10 Myths vs. Reality on Business Plans and Startup Investment

I gather from a stream of emails I’ve received that there are a lot of misconceptions on the relationship between a business plan and getting seed money and/or angel investment. So here’s a list of reality checks to apply to all those lists.

  1. business managementBusiness plans are necessary but not sufficient. Even a great business plan won’t get any investment for any startup. Investors invest in the team, the market, the product-market fit, the differentiators, and so forth. And they evaluate the risk-return relationship based on progress made, traction achieved, and market validations. The plan gets information the investors need; it doesn’t sell anything. One of the most serious misconceptions is the idea that the quality of the writing and presentation of a business plan is going to influence its ability to land investment. Sure, if you consider the extremes, a poorly written plan is evidence of sloppy work. If it’s hard to find the important information, that’s a problem. But barring extremely bad plans, what ends up being good or bad is the content – the market, product, team, differentiators, technology, progress made, milestones met, and so forth – not the document.
  2. All businesses should be using business planning regularly. They should have a plan to set strategy and tactics, milestones, metrics, and responsibilities, and to project and manage essential numbers including sales, spending, and cash; and they should keep that plan alive with regular (at least monthly) review and revisions. Business plans are for business planning, and management; not just for investors.
  3. Nobody has ever invested in a business plan, unless you count what they pay business plan writers and consultants. People invest in the business, not the plan. Just like people buy the airplane or car, not the specifications sheet. The plan is a collection of messages about past, present, and future of the business. It’s past facts and future commitments. People invest in milestones met.

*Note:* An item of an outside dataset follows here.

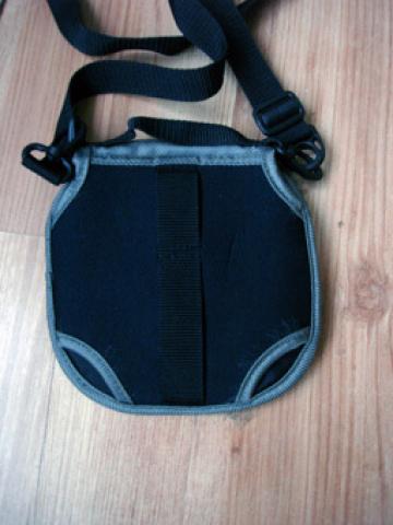 Galima į vidų įdėt ir kelis papildomus diskus. Ant reguliuojamo ilgio diržo per petį

  4. The normal process goes from idea, to gathering a team, doing a plan, and executing on the early steps to develop prototype, wireframes, designs, and ideally traction and market validation. And the plan is constantly rewritten as progress is made.
  5. Investors come in only after a lot of initial work is already done. 
  6. The startup process does not – repeat, NOT – go from idea to plan to funding and only then, execution. You don’t go for funding with just a plan. That’s way too early.
  7. Investors do read business plans. Regarding the myth that investors don’t read business plans, I’m in a regional group of angel investors, we’ve had maybe 80 people as members during the eight years since it started, and the vast majority of us would never even consider investing in a company without seeing the business plan.
  8. But investors don’t read all the business plans they get; and they often reject deals without reading the plan. To reconcile this point with the previous, note that investors read the plans during due diligence, as a way to dive into the details of a startup they are interested in. They don’t read them as a screening mechanism. So a lot of startup founders who don’t get investment are telling the truth when they say investors didn’t read their plan. Investors rejected them based on summary information or pitch.
  9. On that same point, the process with angel investment today starts with an introduction or submission through proper channels (gust.com, angellist.co, incubators, 500 startups, and so forth). Investors screen deals based on summary information in the profile or a summary memo. The deals that get through that filter will be invited to do a pitch in person. Those that still look interesting, after the pitch, will go into due diligence, with is a lot of further study of the business, customers, market, legal documentation, and the business plan.
  10. Business plans are never good for more than a few weeks. They need constant revision. Things are always changing. People don’t expect the big full formal plan document anymore, not even investors. Keep a plan lean, review it often, revise it as necessary, and use it to run your business. Use it to steer the business and keep making course corrections. That’s what a plan is supposed to be these days.